Winter Not-So-Wonderland

Well, I guess Nature giveth and Nature taketh away.

We do have a great collection of trees at Green-Wood Cemetery–an expert from the Brooklyn Botanic Gardens recently described our trees as the best collection of mature trees in New York City. We have about 7,000 trees–some just getting started, some more than a century old.

The recents storms that swept through Brooklyn, with strong winds and wet snow, were not kind to Green-Wood Cemetery’s trees. Heavy snow and wind are never a good thing for trees. While it looks like no trees were uprooted by these forces, many (perhaps a hundred or so, by the estimate of our Superintendent of the Grounds, Art Presson) were damaged, most by having limbs snapped off. The beech tree pictured above was particularly hard hit–you can see the large section of this wonderful tree that has split off and fallen to the right. Because of the split along the trunk, this tree is likely a total loss.

And this blue Atlas cedar was also heavily damaged–I count 5 good-sized branches that have snapped off. You can see them scattered on the ground. Hopefully this lovely tree will survive.

It is a blessing that, with all these branches coming down, it does not appear that any monuments were damaged.

I was a bit depressed as I walked out of Green-Wood yesterday, having seen all this damage. But then I saw hellebores in bloom, witch hazel flowering, and daffodils with their foliage several inches out of the ground, getting ready for their show in a few weeks. It is all part of the cycle of life, the spring rebirth. Before we know it the trees will be leafing out, with that wonderful pale green color, the copper beeches will be sprouting their vividly-hued leaves, the bulbs will be blooming, and magnolias, azaleas, and rhodos will not be far behind. Let’s go spring! Are we ever ready!!!

1 thought on “Winter Not-So-Wonderland”

  1. I also drove and walked around for hours yesterday in the cemetery taking note of the damage and inspecting the trees and shrubs. It made me so sad to see these trees so broken and bent. As an amatuer naturalist and birder who has walked the grounds of Green-Wood for decades, I know our trees very well and, many of them are personal favorites. I can tell right away when a tree has been removed due to disease or other pertinent reason and Ill inquire about it because I love our trees. They are very special. The trees of Green-Wood attract many birds, they provide nest sites, shelter and their blooms and seeds provide food. Our mature yew trees, which are bent severely, allow certain birds to “overwinter” within its dense interior. Green-Wood has magnificent century old trees that are not found anywhere else in Brooklyn. As part of the Wednesday trolley tour, I talk about our trees and how magnificent and special they are. Some pre-date the cemetery. A tree had to be taken down by Dell Water last year. Cliff, our aborist and I, counted over 200 rings. More than 2 centuries old! It was there when the Battle of Brooklyn was fought on the cemetery grounds. As you stated, Nature giveth, nature taketh away. Many of us that love Green-Wood and its trees are sad over seeing our trees hurt like this.

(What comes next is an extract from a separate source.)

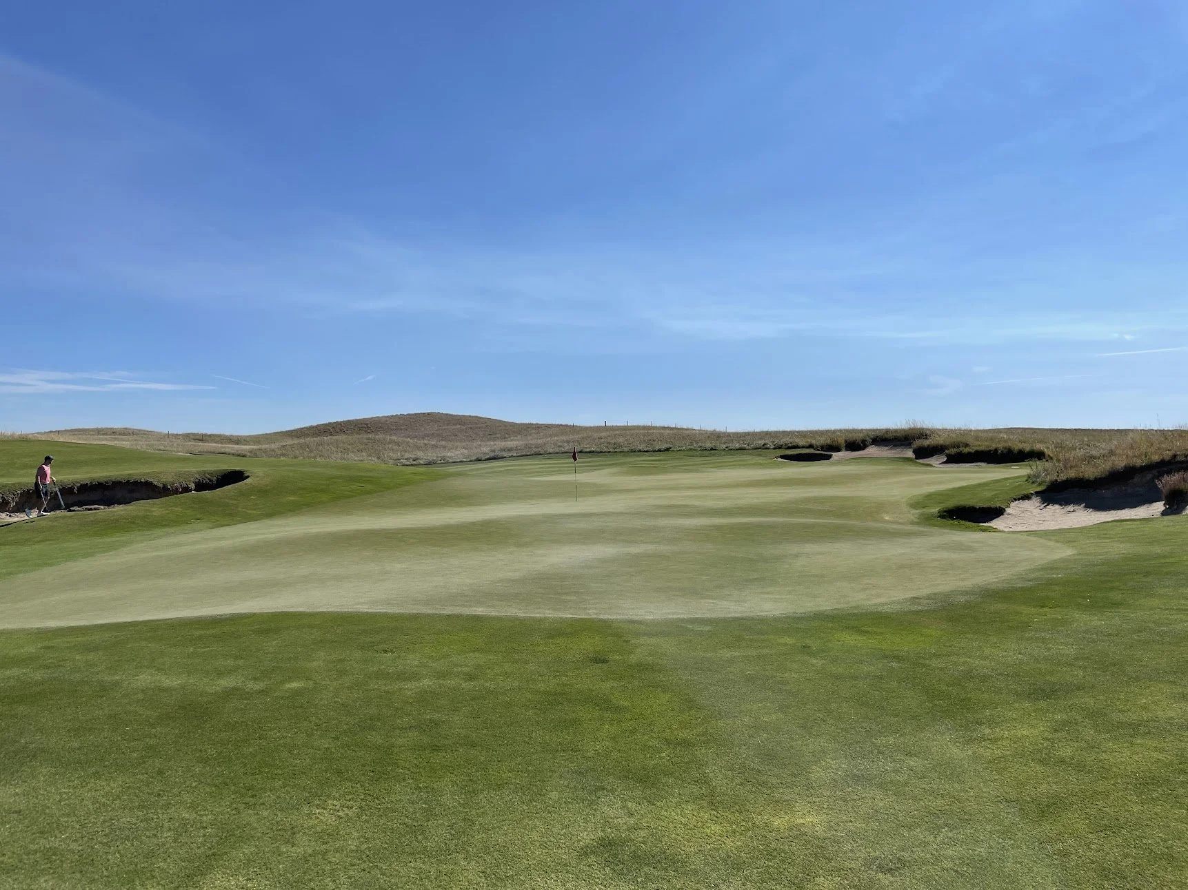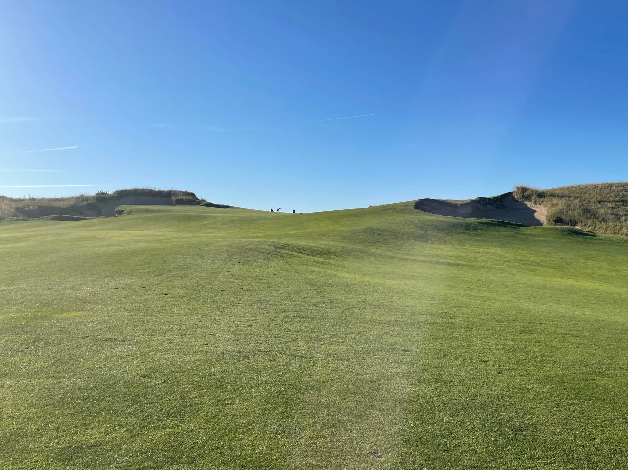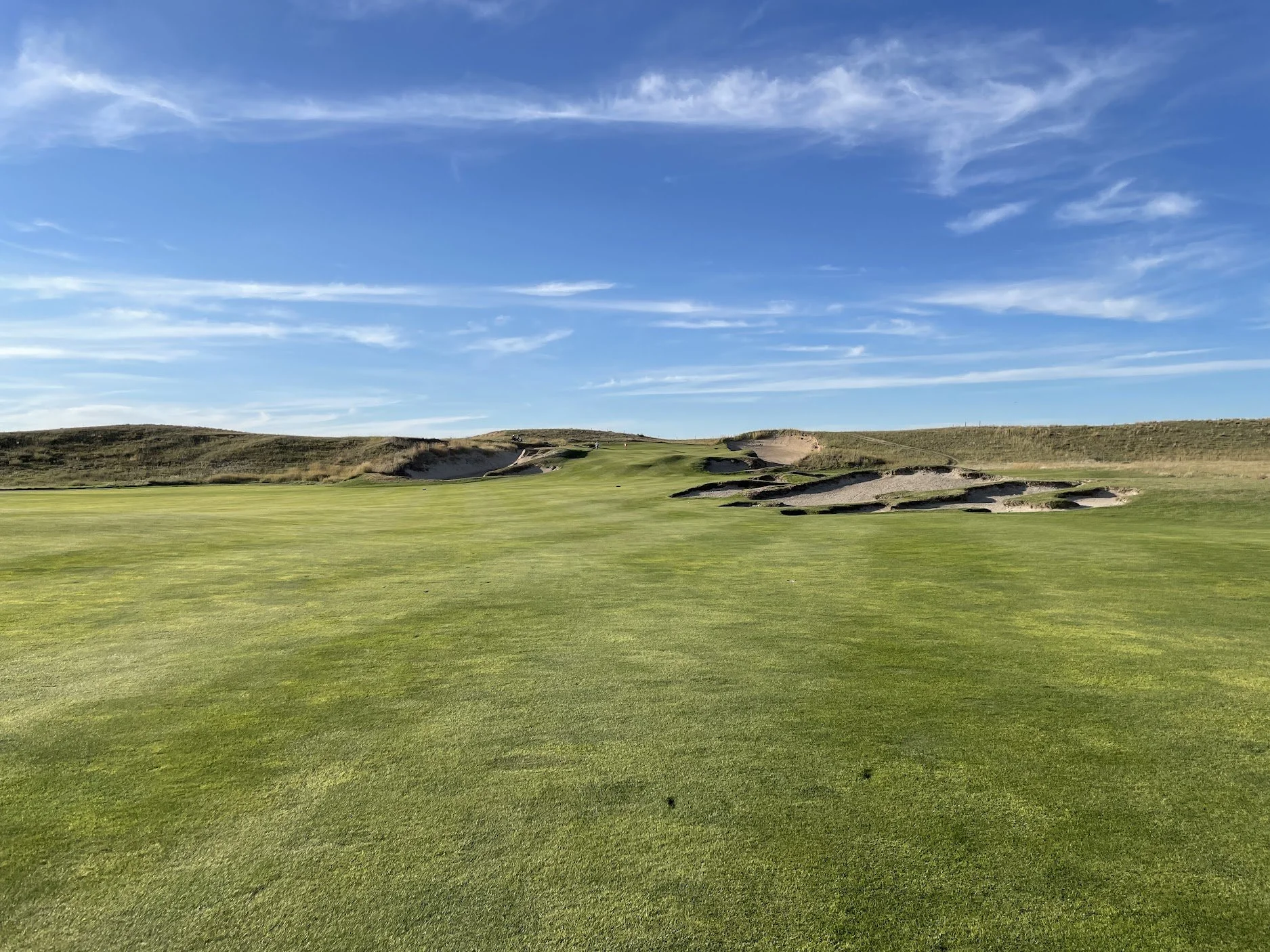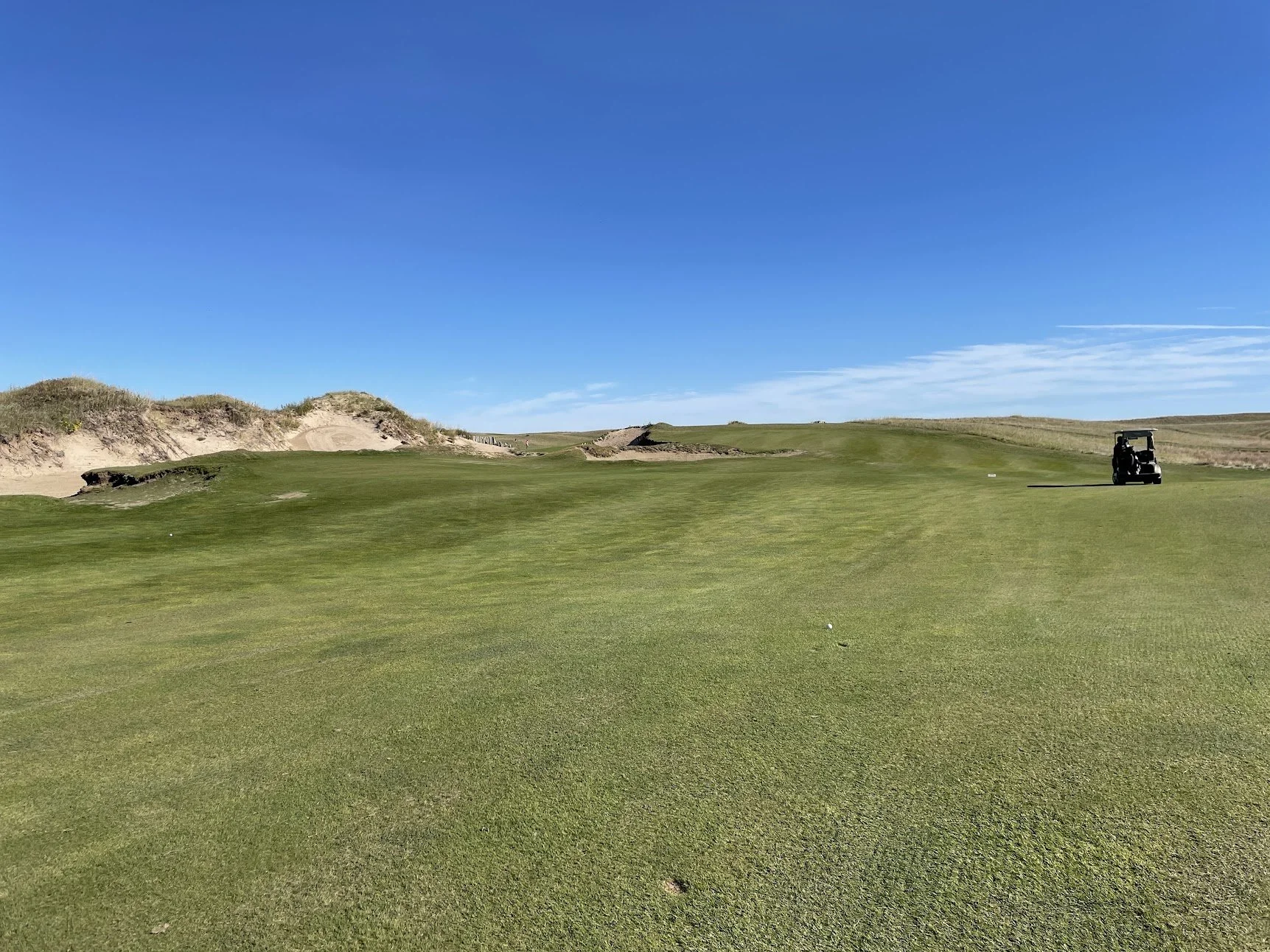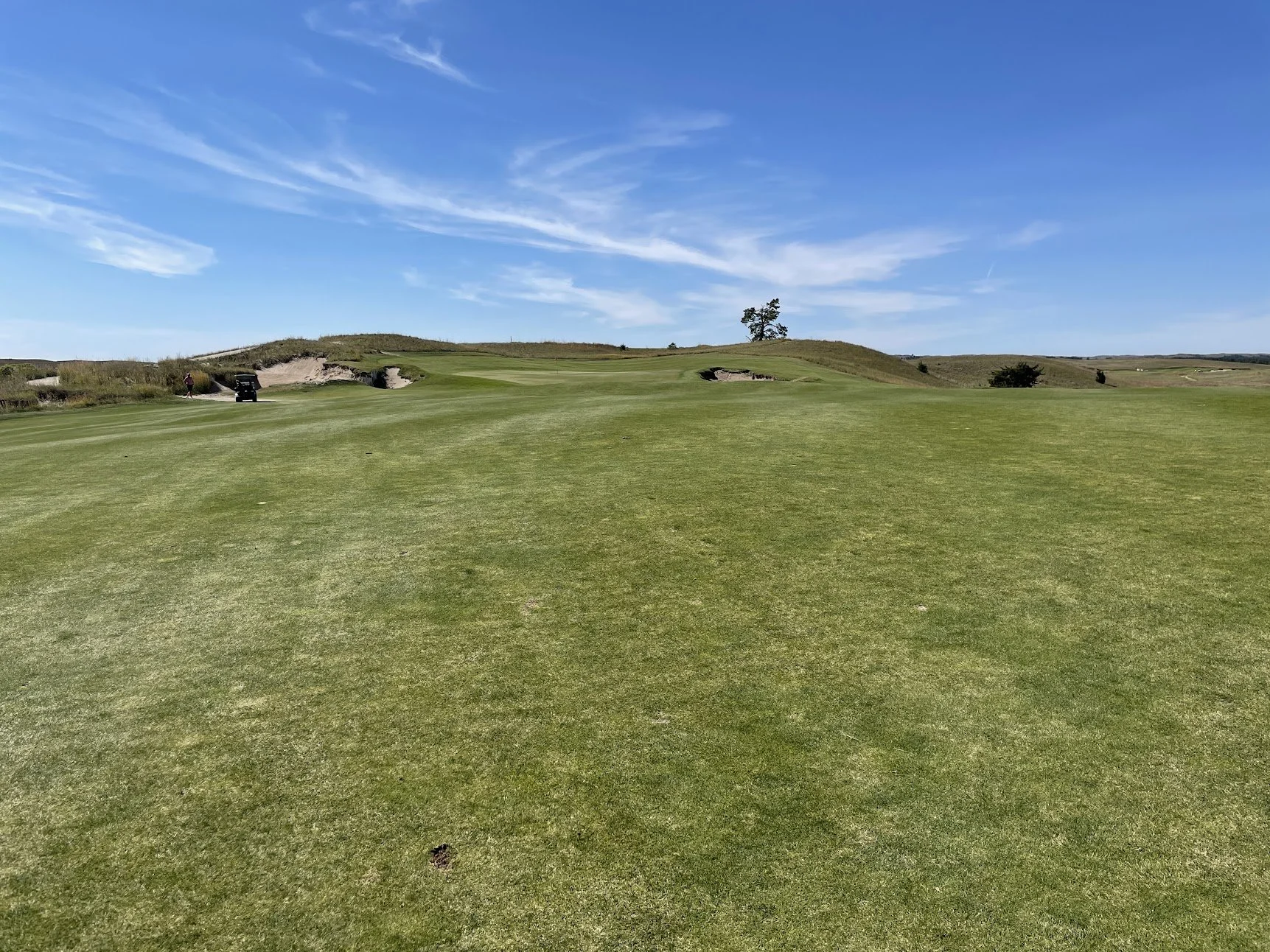 Dunes make the second shot a little uncomfortable, but really anything right of the left dune will end up pretty good. Driving up to see the green is helpful. There’s more room left than it feels like too.

    Spring is coming and with that is renewal. Green-Wood has the best aborists and groundskeepers in their field who love the trees and will do whatever they can to save them.

    If you havent visited Green-Wood lately, please come this spring and see the beauty of our magnificent trees. Come and see ” the best collection of mature trees in NYC” in addition to our wonderful sculptures, monuments and battlefield atop Battle Hill. Come and hear stories about the famous and infamous that reside within our beautiful 478 acres.

    Marge Raymond
    Green-Wood Historic Fund Tour Guide.